I gave a tour to librarians from another academic institution to discuss ways to co-locate other student-centered services and make badly needed changes to their library. When we discussed changes to collection development and our technological systems, one librarian asked, “how do you deal with pushback from faculty?” It’s a valid question. Many faculty are much more in love with the idea of physical books. Even if those books are The Guide to Careers for Men from 1982 and features a man with blonde feathered hair on the cover. Many faculty lament that students no longer use periodic guides or indexes. They require students to use REAL journals, not those online things.

We use a number of formal and informal channels to deal with. Granted, we are an institution with about 150 full-time faculty and numerous adjuncts. But the point is, we use proactive, positive means to get faculty on our side so that the day when we majorly pare down our print reference collection, we hope to have less protests and more excitement.

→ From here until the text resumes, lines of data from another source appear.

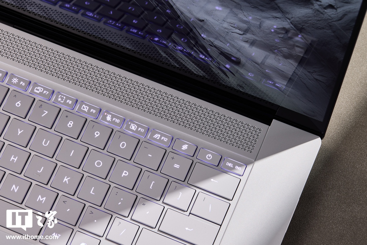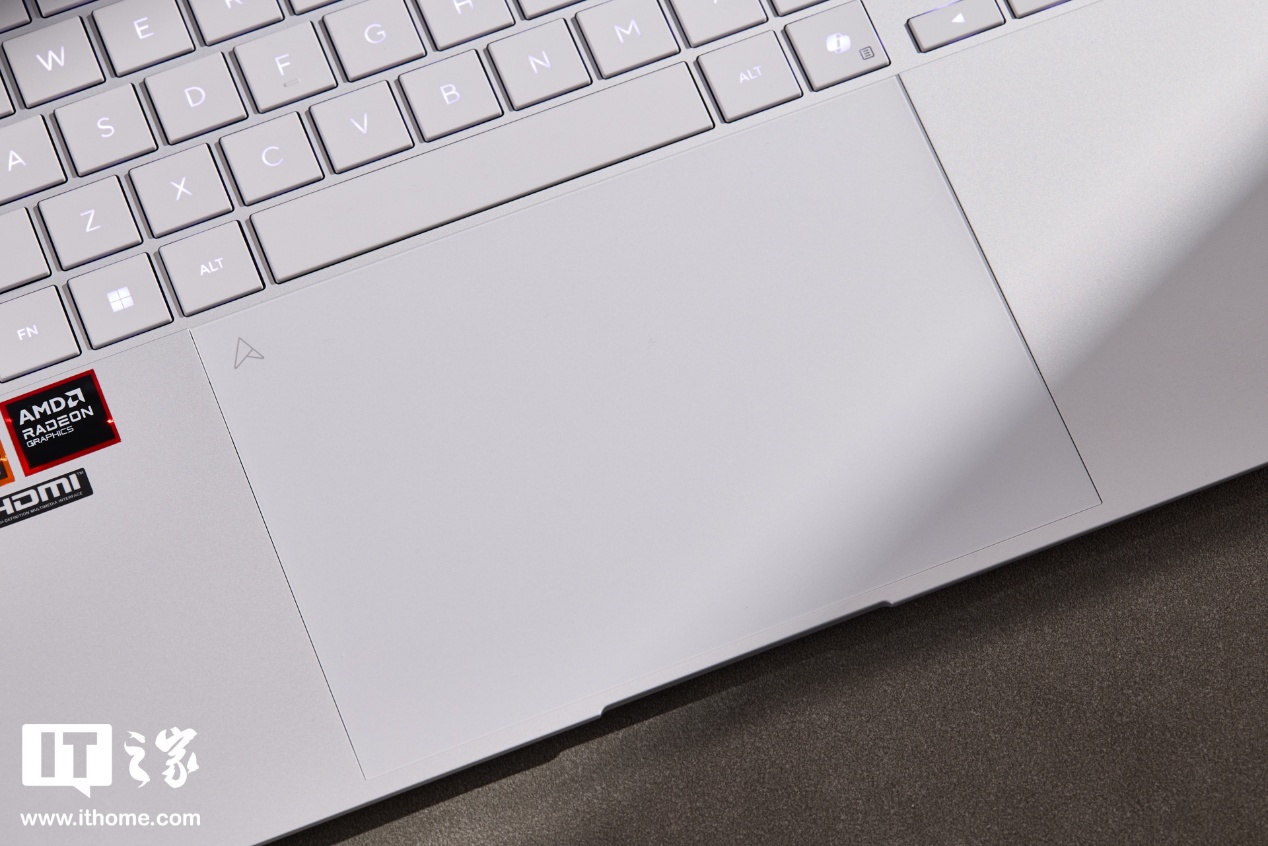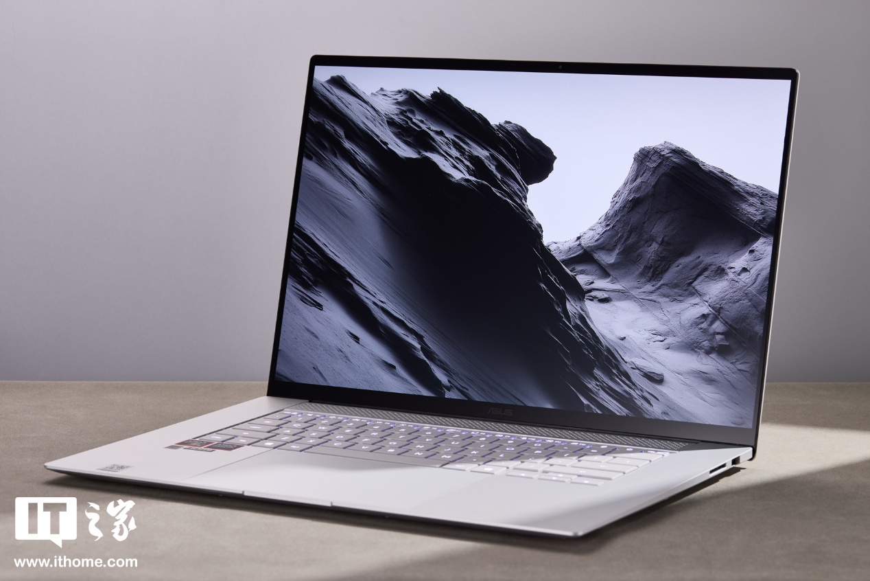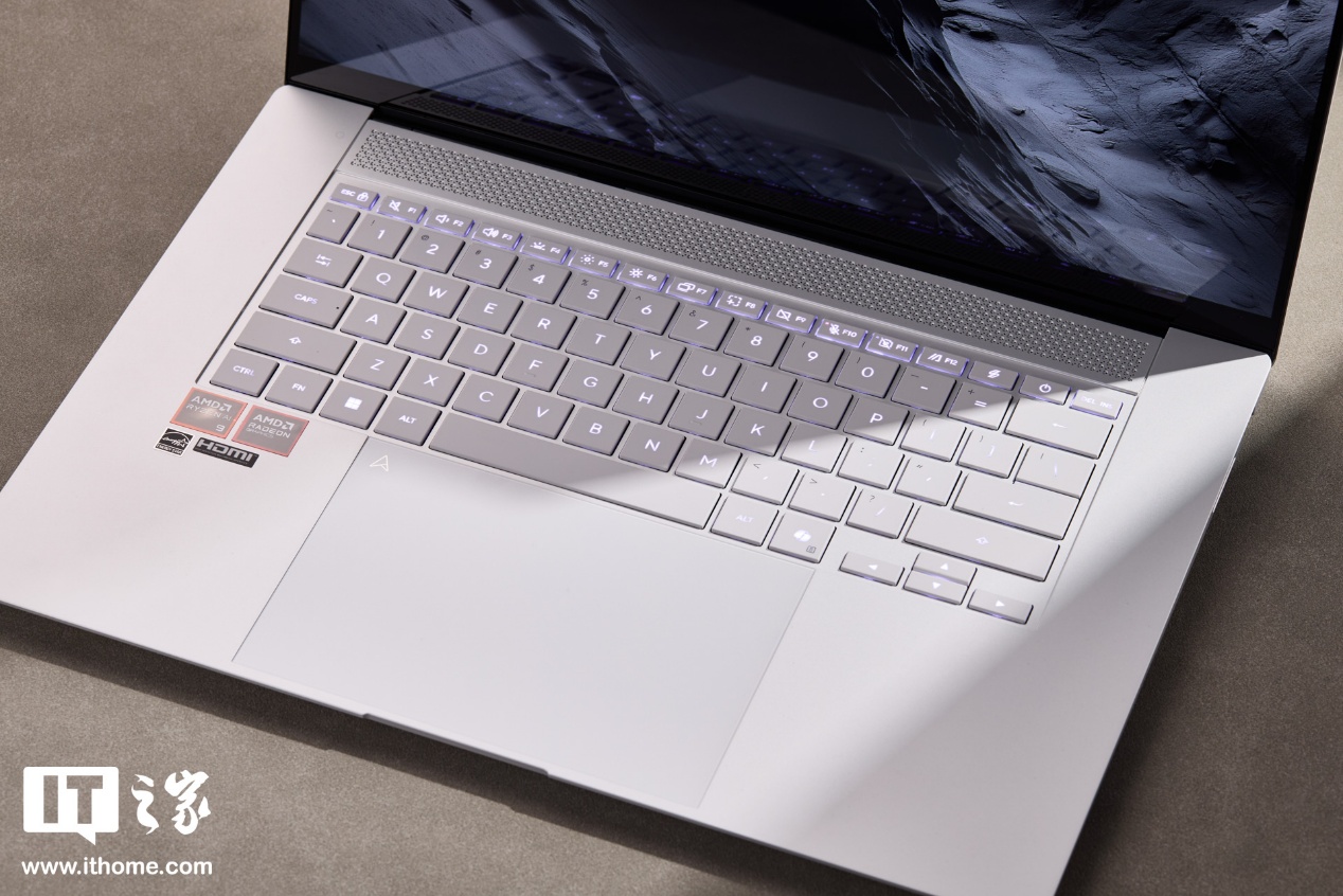 华硕灵耀16 Air 2026 锐龙版的 C 面采用全尺寸大间距方形键盘,支持长键程、居中透光字符和白色背光。
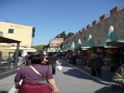 帰り道 行きにはまだお店を開けていませんでしたが 同じブルーのとんがりテントの露店が行儀よく並んでいました。 斜塔のチケット売り場の横にショップがあったので そこでお土産は買いました。斜塔のキーホルダー 斜塔を立てると本当に斜めっているのに感心というかびっくりといいますか なるほどでした。 |
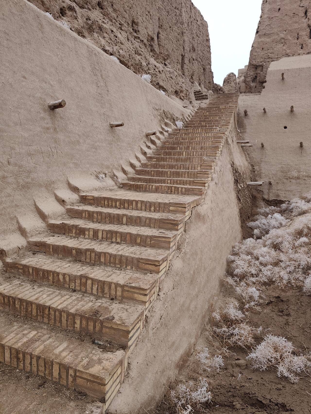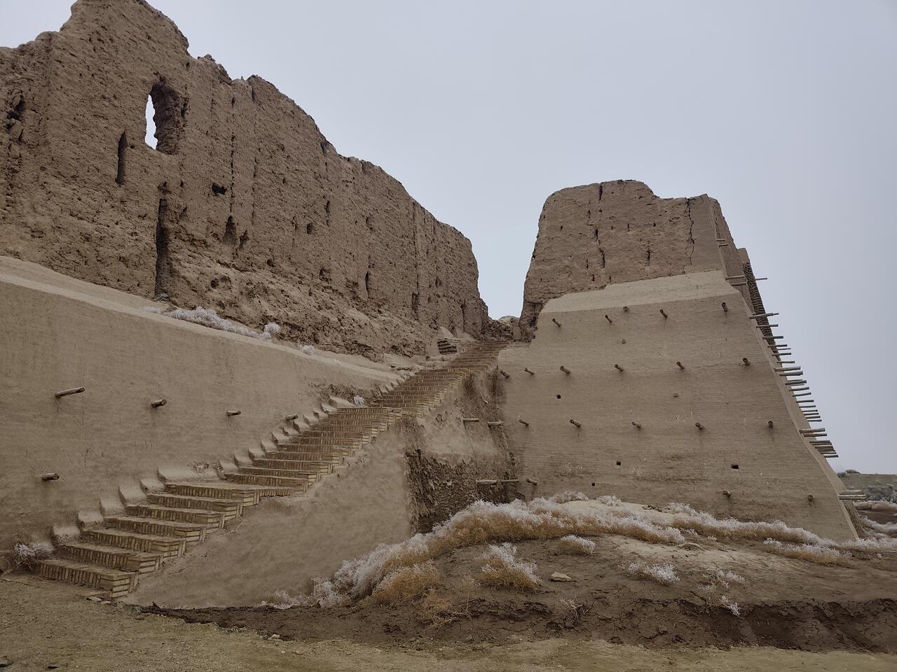 С вершины крепости открывается прекрасный вид: с одной стороны раскинулось извивающееся русло реки, рядом — сеть водных каналов, а с другой стороны горизонта раскинулась бескрайняя пустыня с видом на крепость Топрак кала.

  • Wine and cheese function: one of my colleagues is tasked with getting faculty to use more technology in teaching. She’s hosting a wine and cheese “buffet” at which faculty can drink while browsing tables hosted by their colleagues who already use technology. Soooo, we get ‘em with free food and drink. We’ve got a higher administrator supporting the value of the program. We then have their peers show off projects. And we hopefully reach some technophiles by showing them how technology can support research and teaching. (We are sneaky this way.)
  • Monthly electronic newsletter: we write a few articles that are campus-specific, but we try to be broader. This month I’m writing about Pinterest: what is it, how I use it personally and professionally, and ways they can use it personally and professionally. I have a student who writes regularly on the kinds of technology he and his peers are using (so, instead of having him dust, he’s developing his writing skills and using his strengths.) We use the newsletter to convey campus news, but to also highlight cool digital archives available. We use it to build buzz about upcoming changes; framing them as things to look forward to.
  • Formal liaison: most libraries do this. It’s great and it works. Something we do as part of our program is to invite ourselves to department and division meetings once a semester. As a group, we figure out what we want to highlight in our 15 minutes. So maybe we’ll preview a new database we’re thinking of getting and solicit feedback. Then we’ll talk quickly about how we just subscribed to PollEverywhere and show it off. We use the time to show them what we’ve got in addition to asking what they want.
  • Bait and Switch: at the liaison meetings we’ll often show off great new resources. I’ll host Resource of the Month booths- I set up computers with cookies and folks can check out what the resource of the month is. We’ll write newsletter articles about wonderful new resources. We frontload heavily with what’s great, hopefully getting faculty excited about what we offer. Some faculty will complain when we weed out books, but the hope is to heavily promote what’s good. The better defense is a good offense.
  • The reality of books: I have this grand idea that when my friend Rachel Wightman returns from having worked in a library in Uganda for the past two years of having her come talk about her experience. Rachel has learned that books are important (especially when your electricity is always going out or your wireless runs out), but they do not stand the test of time and stop meeting needs at some point. She wrote a wonderful blog post about books donated to her library in Africa that anyone weeding should read.  She offers a common-sense look at the reality of books: they are not all sacred. Sometimes we have to…gasp…throw them out. You should have Rachel come talk to your faculty and administrators if they’re the sort who cringe at getting rid of a 1963 Emily Post Etiquette for Weddings.
  • Be savvy: okay, that’s vague. But here’s what I mean: if you are making changes let the administration know. Explain to the provost (or have your boss do it) why this will support teaching and learning. Let the president/chancellor know what day you are throwing all of those books out. Then make sure your staff don’t put them in the dumpster until pick-up day!
  • Get partners in crime: or create them! I asked to meet with a faculty member who asked me about periodic guides to show him some databases. He was very resistant to students getting away with “easy” research, but I kept at him and showed him the marvels of modern technology. He never stopped telling students about his old research days, but he does invite me to do library instruction every semester. I regularly email faculty when we acquire a new database in their field or when I find a digital collection or technology I think they would like. First, it let’s them know we’re trying to meet their needs, but it also opens the door for conversation. It takes about three minutes of my time to email the English faculty when we get a cool new literature series.

There will always be faculty who complain. And who complain to higher-ups. By using some proactive, positive formal and informal means of communication, we hope to get and keep faculty on our sides.

Many of you at larger institutions could do some of this on smaller levels. Instead of hosting a wine and cheese event for the entire faculty, why not do it a division or college at a time? Think about how our ideas could fit into your institution, with a little tweaking.